While investigating the AWS spend, we found the following clean-up issues:

[x] Remove unused images including focal-packaging and draketest-3-dev
[x] Reduce size of Linux cache volume, from 16000GB to ~1000 GB
[x] Cleanup old snapshots (there are many that are clearly not used e.g. Bionic snapshots from 2021)
[ ] Investigate automatic backup of Snapshots and Images. In particular, how long are they kept? Also, does the new cache server need to be backed up?
- There is now sufficient documentation to recreate the cache server from scratch, if necessary. It does not need to get backed up.
[x] Investigate elastic IPs - do we use/need them?
- Yes! For fast cache server internet. ("EAP")
[ ] Investigate alarms, how are they setup? Is the current set reasonable? Should any be set on the new cache server?
[ ] Drake-girder elastic beanstalk environment platform Python 2.7 has been “retired” since October 31, 2020
[ ] We will lose access to the current billing info in July? See https://aws.amazon.com/blogs/aws-cloud-financial-management/changes-to-aws-billing-cost-management-and-account-consoles-permissions/
[ ] Investigate use of spot instances. We currently use c5d.4xlarge instances. According to this table: https://aws.amazon.com/ec2/instance-types/c5/, we could save 38% switching to spot instances.

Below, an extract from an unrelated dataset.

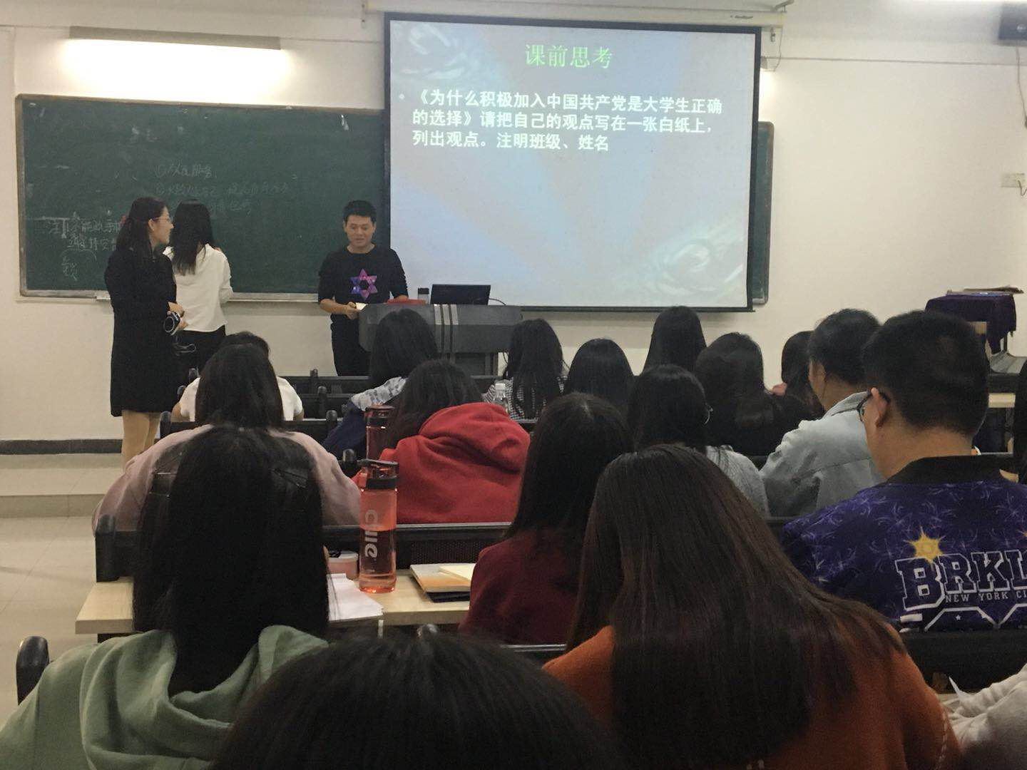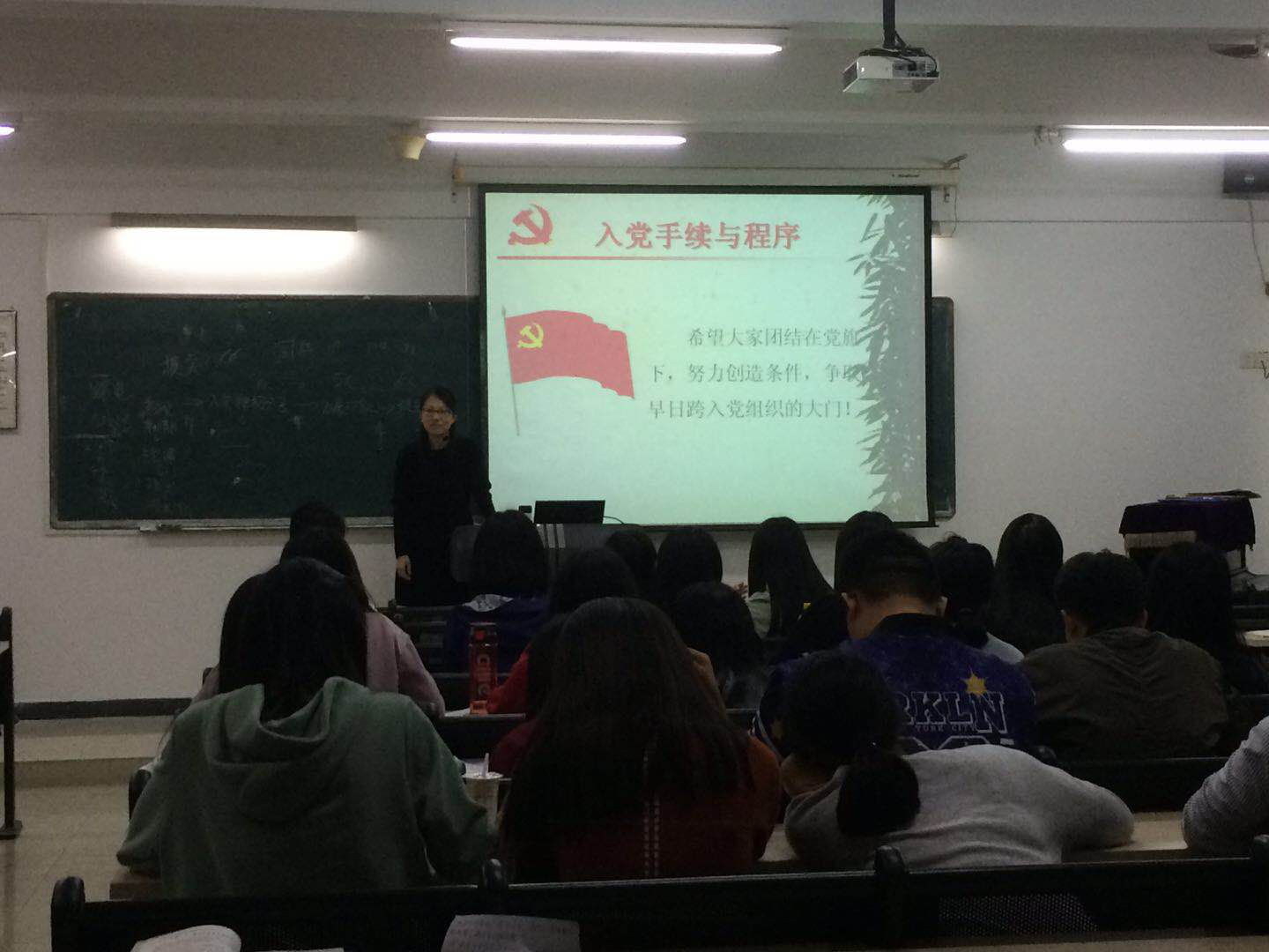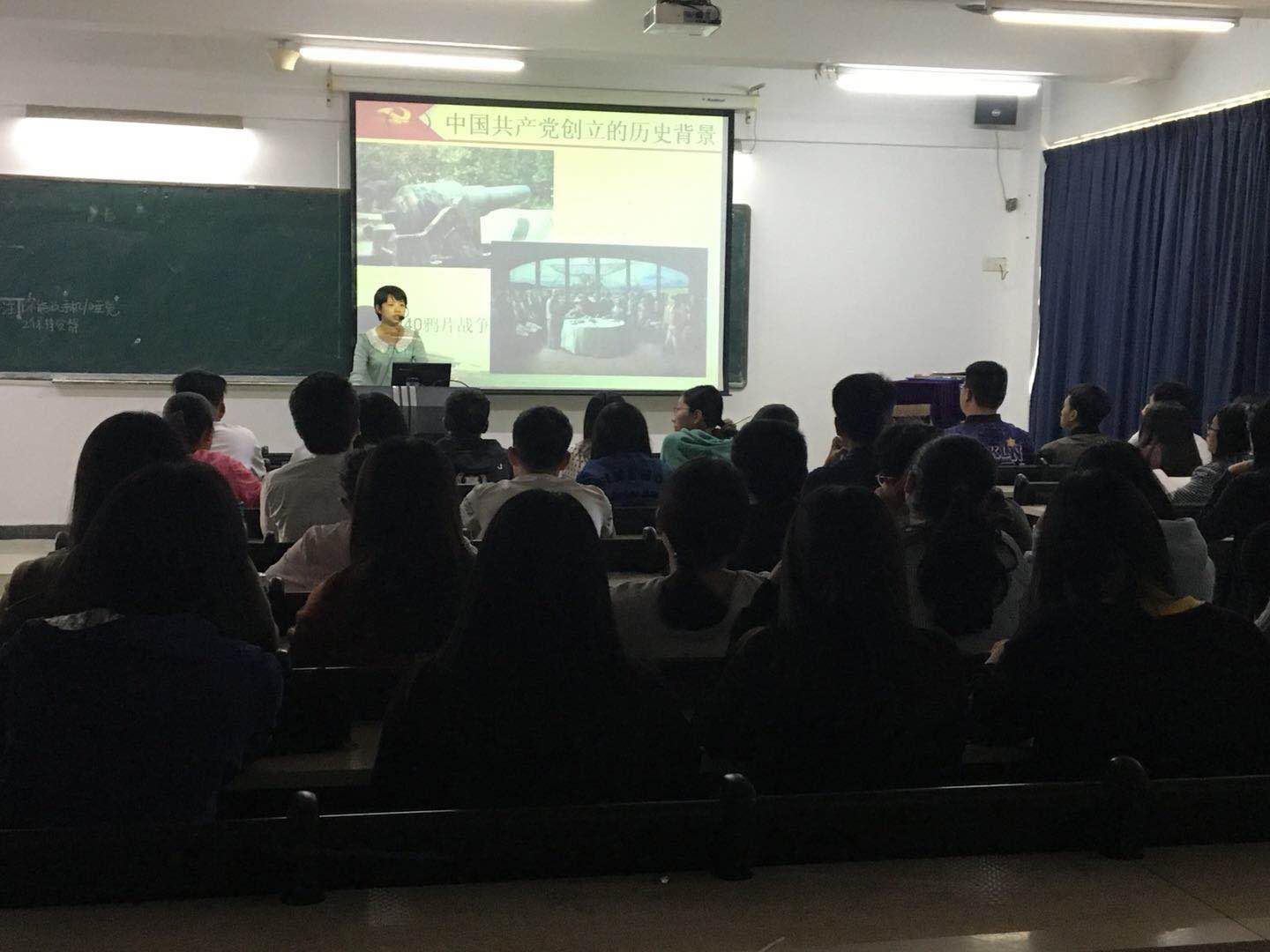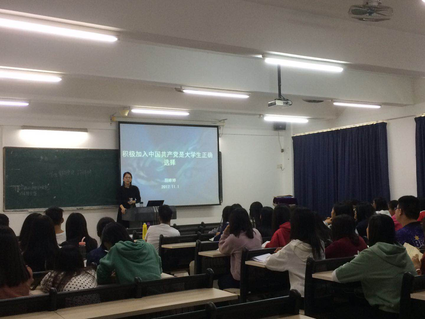 (图为符婷婷老师讲授积极加入中国共产党是大学生的正确选择)

BetsyMcPhail commented 1 year ago

Approximate average monthly cost from Oct 2022 - March 2023

Total $9,219

EC2 $6,317 EC2 Static Volumes (license, Jenkins, girder, CDash, cache) $1,394 (2) Relational Database Service $927 (1) Other $548

EC2 Static instances (license, Jenkins, girder, CDash, cache) $3,725 Weekly $212 Nightly $840 Continuous $595 Pre-Merge/Experimental $945

EC2 Static Instances drake-license $86.63 drake-jenkins $693.06 drake-mongo $86.63 drake-webdav (cache) $2,079.17 drake-cdash $693.06 (3) drake-girder $86.63

(1) Where is the Relational Database Service used? (2) The Cache server volume is 90% of this cost. It's size has been reduced from 16000 GB to ~1000GB, so the cost should be greatly reduced going forward. (3) This is currently an m5n.4xlarge, we should be able to switch to a less expensive instance type

My notes: https://docs.google.com/spreadsheets/d/1jUam-Ne0IiXe4wKYHbjIcTGW8OAyc6oDFs48WSB3ogI/edit#gid=280555492

BetsyMcPhail commented 1 year ago

@jwnimmer-tri I updated the spot instance potential savings above, let me know if you need any more information, otherwise I'll pass this issue off to you.

jwnimmer-tri commented 1 year ago

drake-cdash $693.06 (3) (3) This is currently an m5n.4xlarge, we should be able to switch to a less expensive instance type

This sounds good. Assuming it's a pretty quick change, please go ahead.

I'll see if I can get more info from AWS consultants about a cheaper way to do the cache server.

The rest, we'll leave alone.

BetsyMcPhail commented 1 year ago

Link to "Recommendations for EC2 Instances" https://us-east-1.console.aws.amazon.com/compute-optimizer/home?region=us-east-1#/resources-lists/ec2

BetsyMcPhail commented 1 year ago

I spoke to one of the maintainers of CDash. A new release of CDash is going to be released soon. He suggested that we wait until that is available and do an upgrade at the same time as moving to a different instance type.

jwnimmer-tri commented 1 year ago

Checking the EC2 dashboard for our cache server, it says:

Following the link, it says:

jwnimmer-tri commented 1 year ago

From f2f: I think its worth trying r6g.8xlarge and seeing what happens.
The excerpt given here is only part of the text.